So, for the second year WSDM arrives, attendance has remained constant (despite the economic downturn) and we're all packing t-shirts rather than bags. However, unwrapping the packaging, what do we find?
Initially, the conference seemed promising, beginning with an excellent speech by Jeff Dean. A 101 on efficiency at Google since 1999, well rounded with explanations and statistics in equal measure. Unfortunately, this staring performance seemed to overshadow the rest of the conference - a benchmark never surpassed.
If I was to use one word to describe WSDM'09, then it would be inconsistent. There were some nice speeches, Eytan Adar's talk on detecting how the web changes over time springs to mind (also best student paper), and Songhua Xu gets bonus points for turning up with an interface paper to a predominantly text-based conference.
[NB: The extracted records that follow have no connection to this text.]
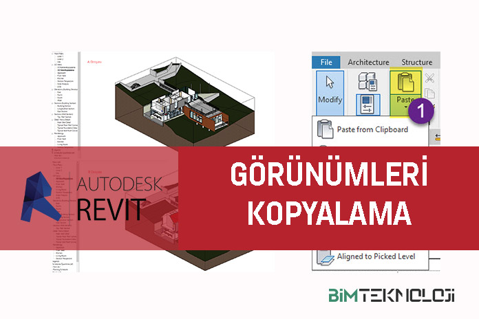 Kopyalanacak olan diğer dosyaya da herhangi bir 3D View görünümüne gelinir. Paste seçeneği ile çizime aktarılır. Aktarım estasında, Paste denildiğinde, hangi kata kopyalanacağı sorulacaktır. SectionBox ların bulunduğu kat seçilemediğinden, herhangi bir kat seçildiğinde işlem gerçekleşecektir. Kopyalanan görünüm, 3D grubuna eklenmiş olacaktır.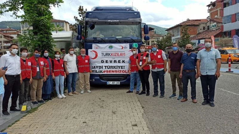 Geçtiğimiz günlerde Batı Karadeniz Bölgesinde etkili olan yoğun yağışlar nedeniyle sel felaketine maruz kalan bölge halkına Devrek’ten bir tır dolusu yardım malzemesi ile 30 bin lira nakdi yardım gönderildi. Zonguldak Valiliği koordinesinde hayata geçirilen ve Devrek Kaymakamlığı, Kızılay Devrek Temsilciliği ile sivil toplum kuruluş temsilciliklerinin ortaklaşa organize edilen program Cumhuriyet Alanında gerçekleştirildi.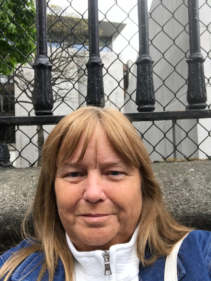 I hopped off at Trinity College because I really wanted to see the Book of Kells —- a book believed to have been created in 800 AD by monks in a Columban Monastery in either Ireland or England containing tables and and text illustrating the four Gospels of the New Testament. It is on display in the Library at Trinity College in Dublin. But……..I discovered they only allow so many people in to view it each day and they already reached their max and were no longer issuing admission tickets! 😦 So – this is me outside Trinity College, disappointed and waiting to get back on the bus! LOL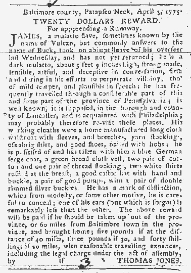 The Slavery Adverts 250 Project chronicles the role of newspaper advertising in perpetuating slavery in the era of the American Revolution. The project seeks to reveal the ubiquity of slavery in eighteenth-century life from New England to Georgia by republishing advertisements about enslaved people – for sale as individuals or in groups, wanted to purchase or for hire for short periods, runaways who liberated themselves, and those who were subsequently captured and confined in jails and workhouses – in daily digests on this site as well as in real time via the @SlaveAdverts250 Twitter feed, utilizing twenty-first-century media to stand in for the print media of the eighteenth century.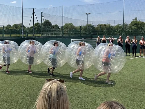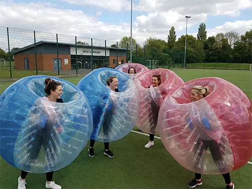 Everything you could need will be provided during our Bubble Mayhen in Manchester. We’re talking about a private venue, equipment, events coordinator and even a prize for the winning team. After a quick warm up, you will jump into your bubble suits and dive right into playing the competitive hen themed mini games in a race to bag your team as many points as possible. To keep things all about the bride-to-be, you’ll have a breather at halftime and play a Mr & Mrs Quiz!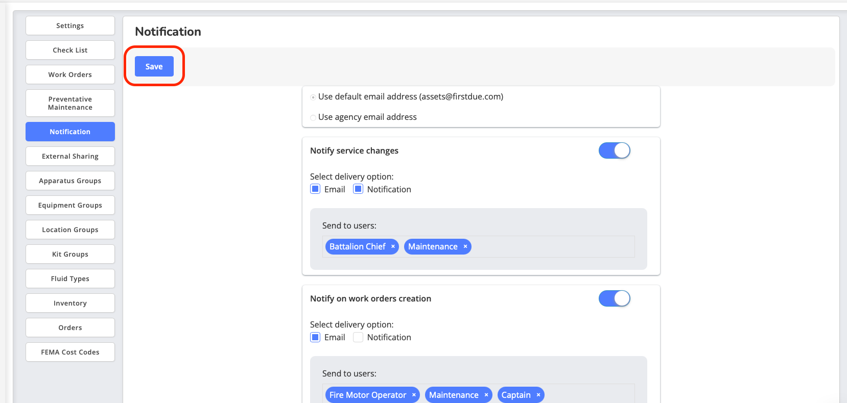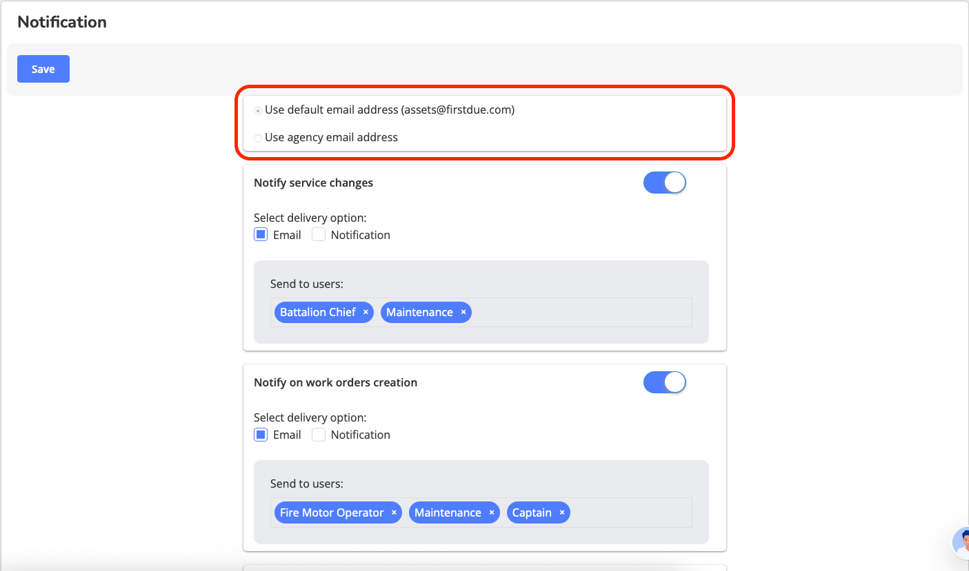 Note that notifications will be sent from the email address assets@firstdue.com.

However, many were poorly presented, insubstantial or both.
The dominating topic of the conference was unsurprisingly Wikipedia, with well over 40% of papers giving it a mention. Ignoring the proliferation of Wikipedia papers over the last year, high point here was Eytan Adar's paper on Information Arbitrage Across Multi-lingual Wikipedia, for coming up with something which might actually be useful in practice.
The videos from the conference should be up soon on videolectures.net, and I would recommend Jeff Deans opening speech - for those of you who can survive watching in tiny eye-strain-o vision which comes with flash. As for the rest remember - your mileage may vary.